Amazon EMR (Elastic MapReduce), is a managed cluster platform that simplifies running big data frameworks, such as Apache Hadoop and Apache Spark, on AWS to process and analyze vast amounts of data.
EMR Simplifies management with rapid cluster provisioning, managed scaling, and automated software installation. Using these frameworks and related open-source big data projects like Apache Spark, Hive, Presto etc. we can process petabyte-scale data for analytics purposes and business intelligence workloads.

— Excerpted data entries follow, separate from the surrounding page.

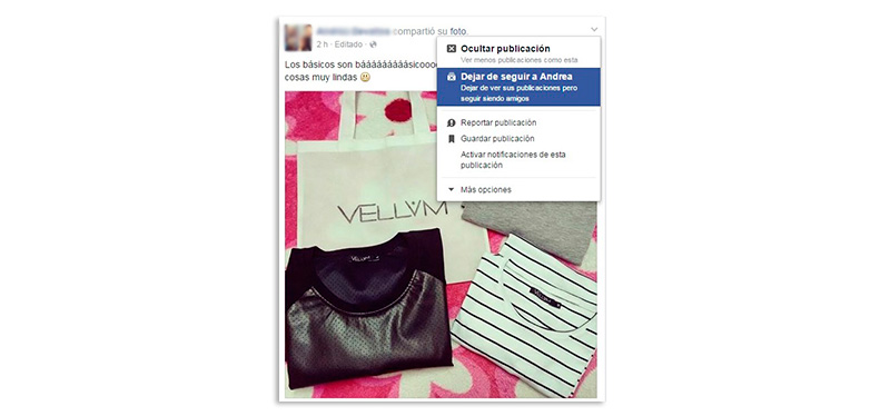 Si de pronto tienes amigos que publican cosas que no te gustan, la forma más sencilla de dejar de leerlos sin tener que eliminarlos es dando clic en la flecha que apunta hacia abajo en la esquina superior derecha de cada publicación vista desde tu News Feed.
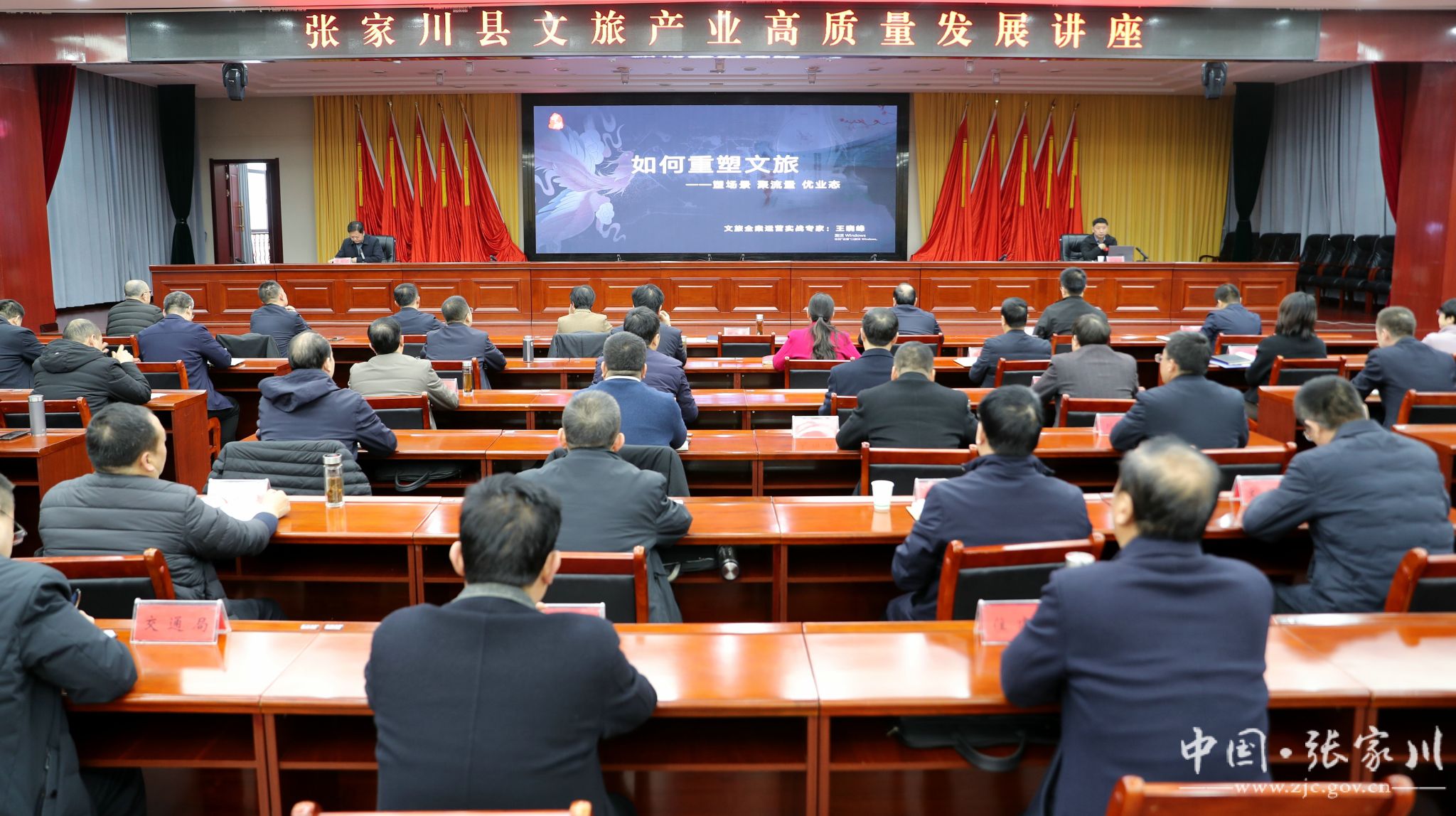 讲座中,王晓峰聚焦“如何重塑文旅”主题,围绕塑场景、聚流量、优业态等关键,从六个方面系统阐述了新时代文旅产业高质量发展的趋势与逻辑,深度解读了政策导向与市场规律,并通过国内成功文旅产业发展典型案例的剖析,生动展示了文旅品牌塑造、产品创新、业态融合、运营提升的有效路径与方法。同时,结合前期调研和县情实际,对张家川文旅资源的禀赋价值、发展瓶颈进行了深入分析,并提出了富有建设性的意见和建议。讲座内容丰富、启发性强,为加快推动张家川文旅产业高质量发展提供了精准指导。
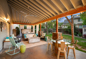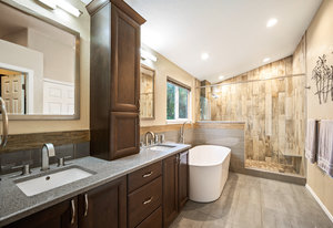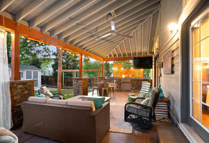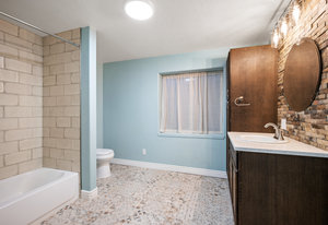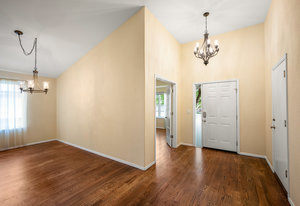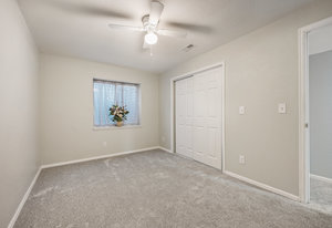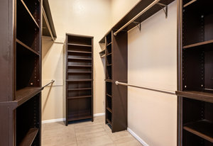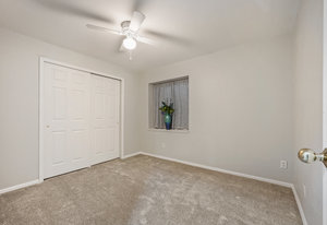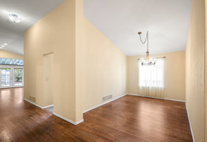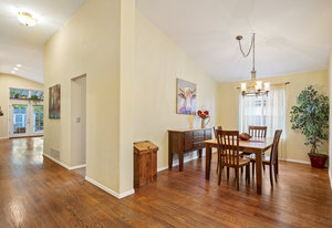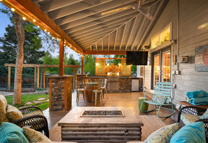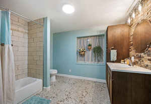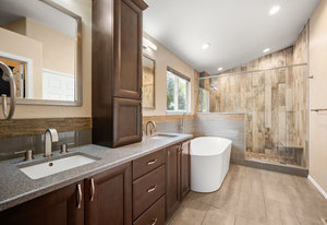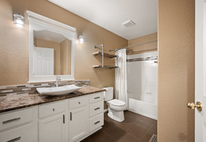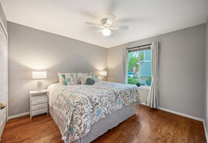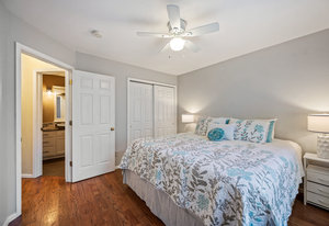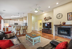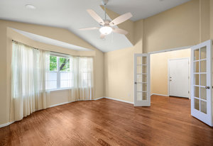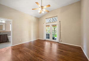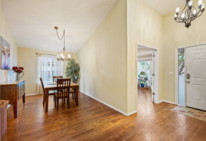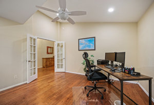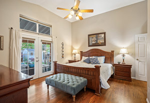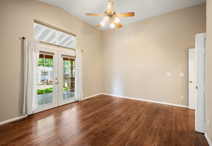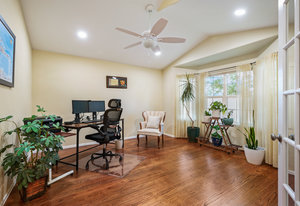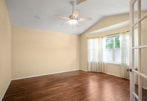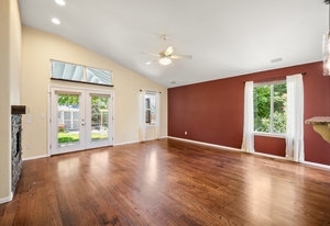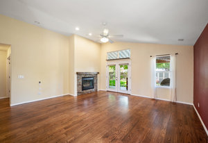 The open-concept floor plan includes a cozy kitchen and family room with a gas fireplace framed by stacked slate stone which lead to the amazing, covered patio with French doors. The spacious primary suite features a walk-in custom closet and a spa-like en-suite primary bath , renovated in 2017 with a soaking tub, walk-in shower with floating bench, quartz countertops, satin nickel hardware, and abundant cabinetry.
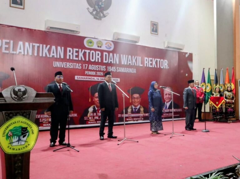SAMARINDA: Universitas 17 Agustus 1945 (Untag) Samarinda resmi memasuki babak baru kepemimpinan setelah melantik rektor dan jajaran wakil rektor untuk periode 2026-2039. Pelantikan ini sekaligus menandai penguatan arah pengembangan kampus menuju konsep entrepreneurial university yang lebih adaptif terhadap kebutuhan ekonomi dan dunia usaha.
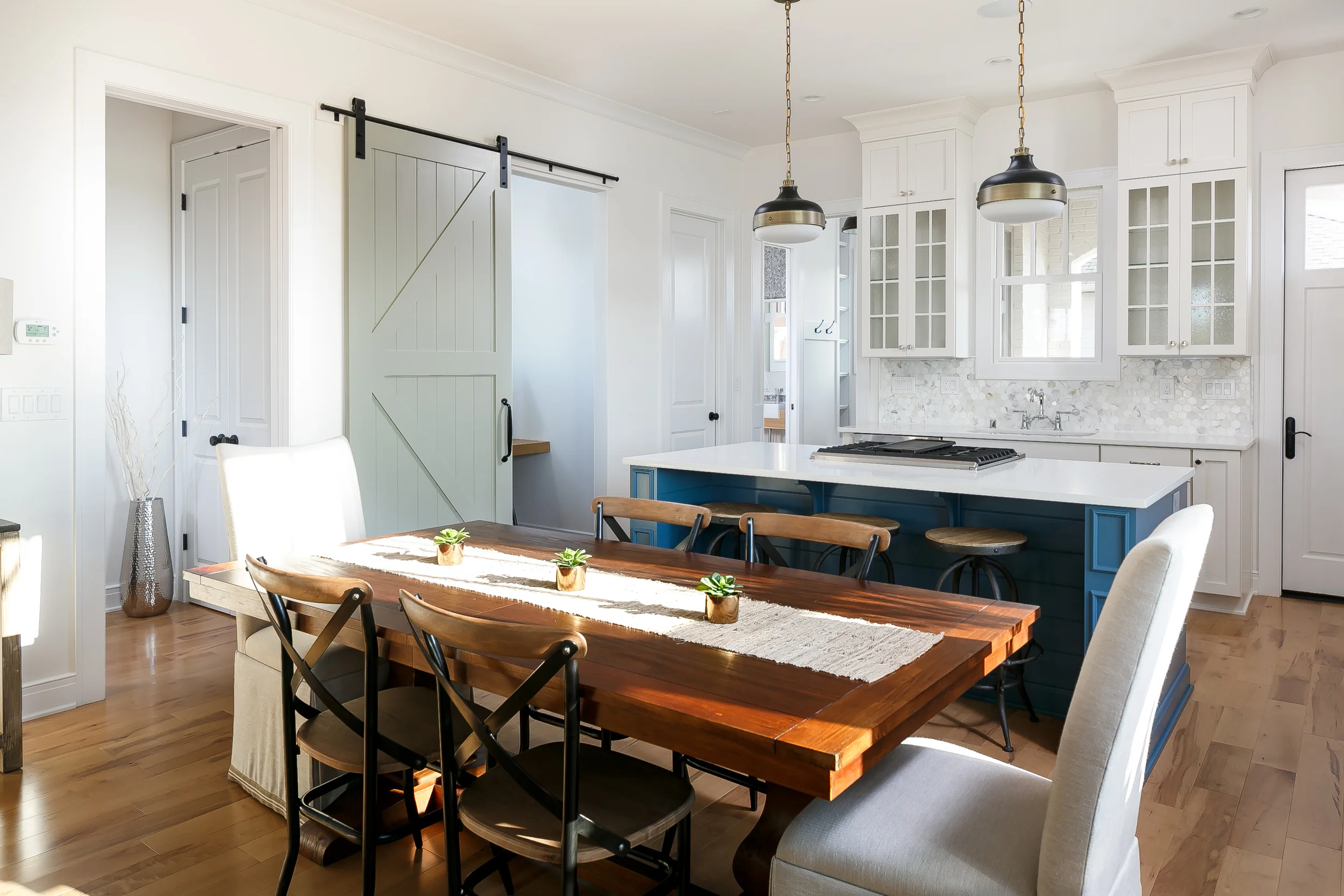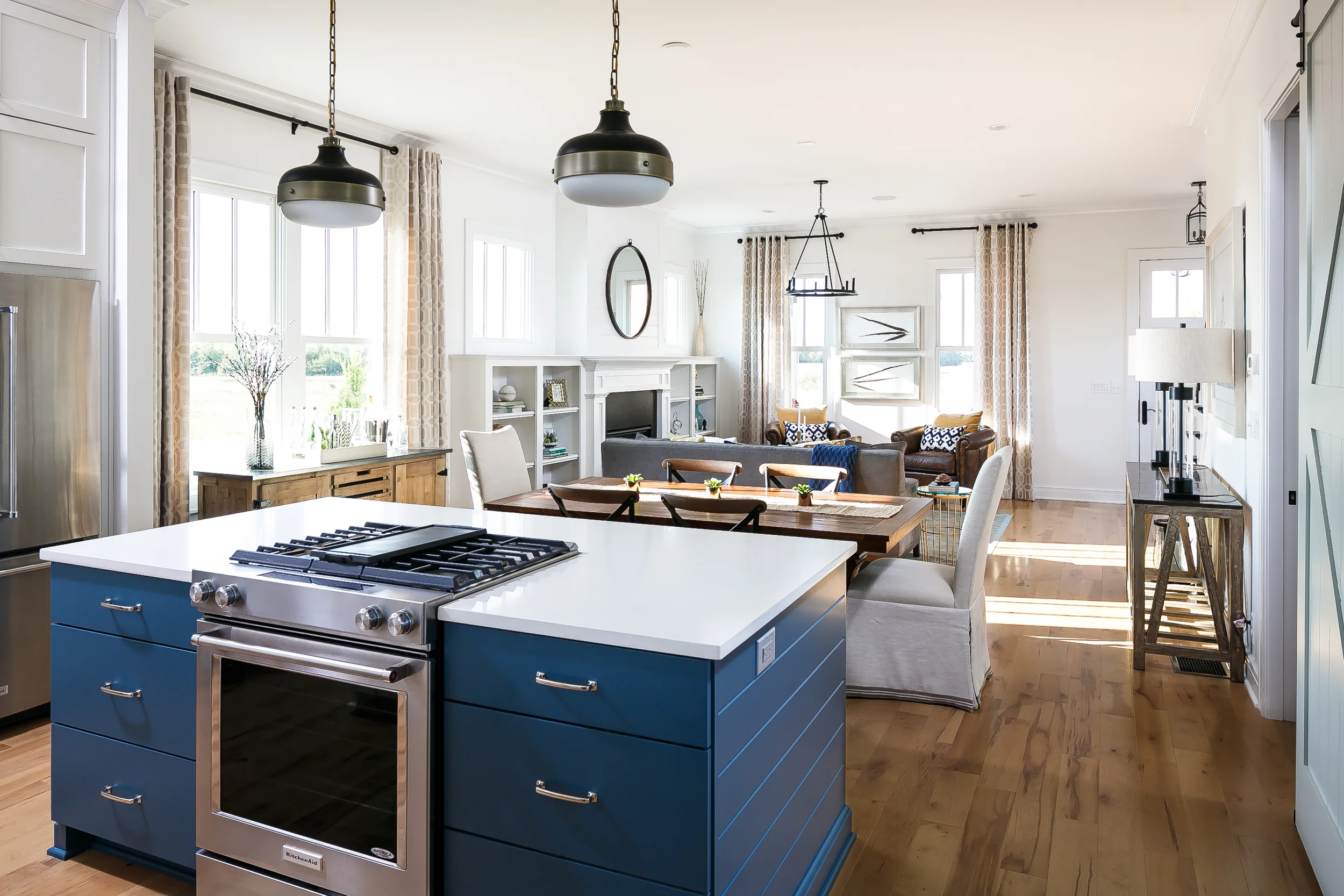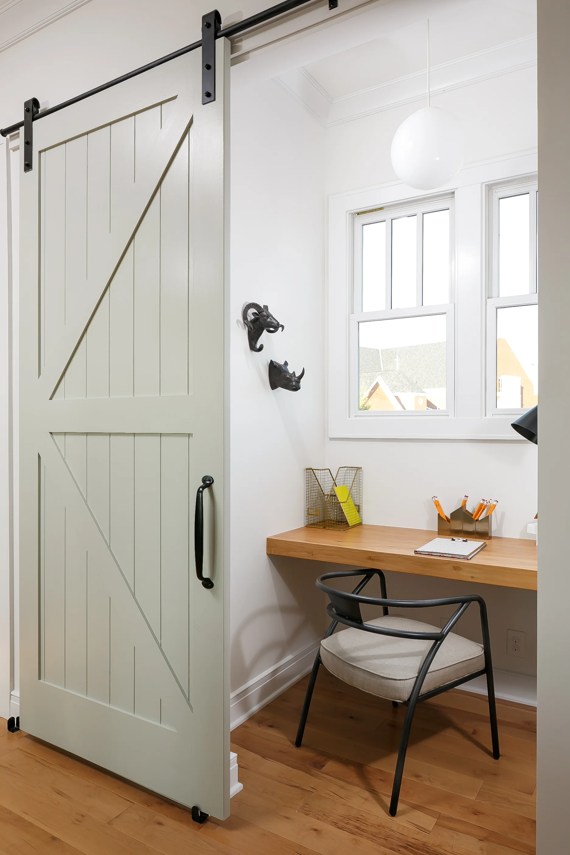 This home was built in Norton Commons as part of the Kosair Children’s Hospital Raffle House program in 2015. The architectural style is distinctly Arts & Crafts, with exposed rafter tails along with columns accented by brackets & tenons. Its a 2 story design with all bedrooms on the second floor, perfect for a family. The open first floor includes a living room, dining room, kitchen with access to a rear covered porch, informal rear entry and office niche with a stylish barn door for privacy. In addition to the rear covered porch, the outdoor rooms include a covered front porch and a thoughtfully landscaped rear patio.

The main component of Amazon EMR is the cluster, which is a collection of Amazon Elastic Compute Cloud (EC2) instances. Each instance in the cluster is called a node. Each node has a role within the cluster, referred to as the node type. Amazon EMR also installs different software components on each node type, giving each node a role in a distributed application like Apache Hadoop.
The node types in Amazon EMR are as follows:
- Master node: Every cluster has at least one master node that manages the cluster by running software components to coordinate the distribution of data and tasks among other nodes for processing. The master node tracks the status of tasks and monitors the health of the cluster.
- Core node: Every cluster has at least one core node with software components that run tasks and store data in the Hadoop Distributed File System (HDFS) on the cluster.
- Task node: A cluster can have optional task nodes with software components that only runs tasks and does not store data in HDFS.